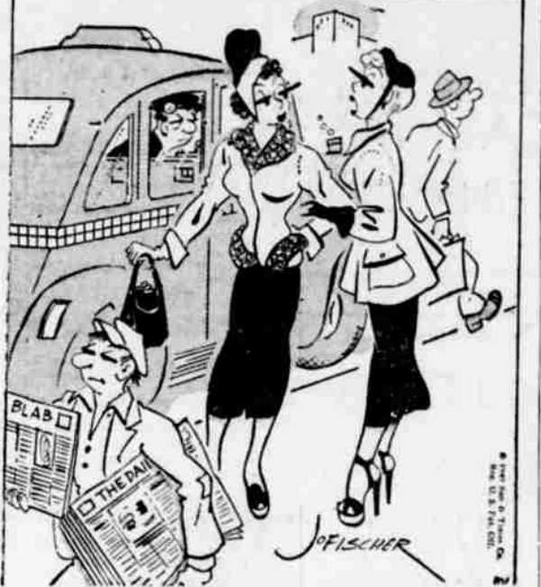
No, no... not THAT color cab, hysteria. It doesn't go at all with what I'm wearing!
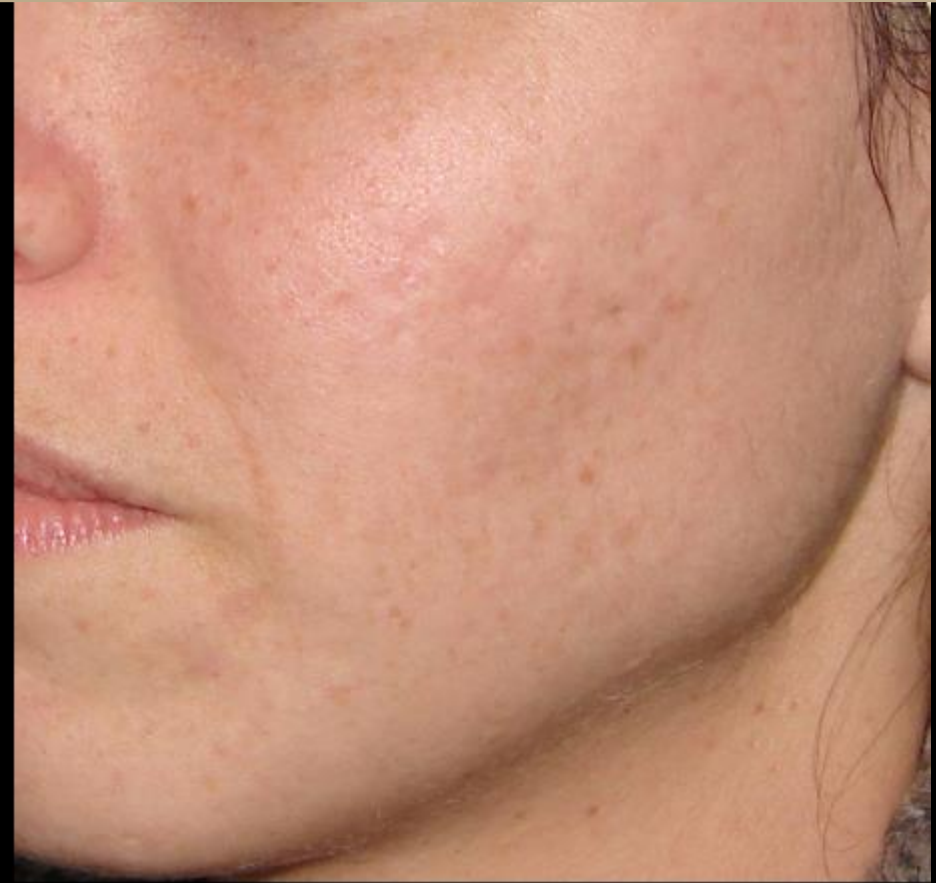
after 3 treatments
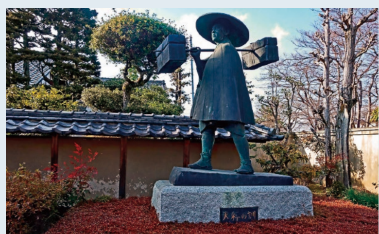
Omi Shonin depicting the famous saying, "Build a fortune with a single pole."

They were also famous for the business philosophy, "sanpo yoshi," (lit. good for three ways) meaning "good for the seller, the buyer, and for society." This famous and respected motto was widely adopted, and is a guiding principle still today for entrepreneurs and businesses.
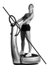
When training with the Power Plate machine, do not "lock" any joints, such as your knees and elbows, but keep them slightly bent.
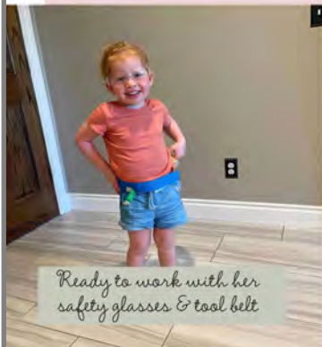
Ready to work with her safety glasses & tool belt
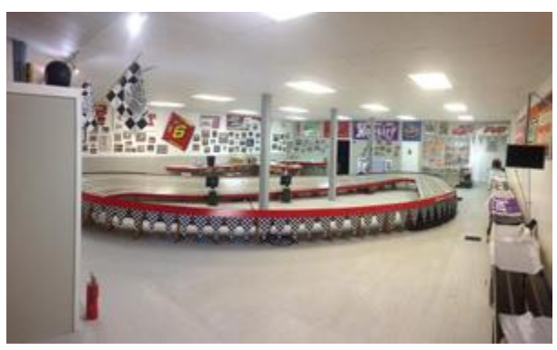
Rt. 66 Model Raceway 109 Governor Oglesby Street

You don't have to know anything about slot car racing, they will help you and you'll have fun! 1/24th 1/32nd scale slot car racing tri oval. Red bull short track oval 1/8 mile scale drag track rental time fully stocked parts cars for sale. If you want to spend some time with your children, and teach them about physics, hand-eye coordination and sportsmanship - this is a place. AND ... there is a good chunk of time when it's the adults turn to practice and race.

----------------------------------------

Could you write all the entries out again exactly, but without their pictures?

No, no... not THAT color cab, hysteria. It doesn't go at all with what I'm wearing!
after 3 treatments
Omi Shonin depicting the famous saying, "Build a fortune with a single pole."

They were also famous for the business philosophy, "sanpo yoshi," (lit. good for three ways) meaning "good for the seller, the buyer, and for society." This famous and respected motto was widely adopted, and is a guiding principle still today for entrepreneurs and businesses.
When training with the Power Plate machine, do not "lock" any joints, such as your knees and elbows, but keep them slightly bent.
Ready to work with her safety glasses & tool belt
Rt. 66 Model Raceway 109 Governor Oglesby Street

You don't have to know anything about slot car racing, they will help you and you'll have fun! 1/24th 1/32nd scale slot car racing tri oval. Red bull short track oval 1/8 mile scale drag track rental time fully stocked parts cars for sale. If you want to spend some time with your children, and teach them about physics, hand-eye coordination and sportsmanship - this is a place. AND ... there is a good chunk of time when it's the adults turn to practice and race.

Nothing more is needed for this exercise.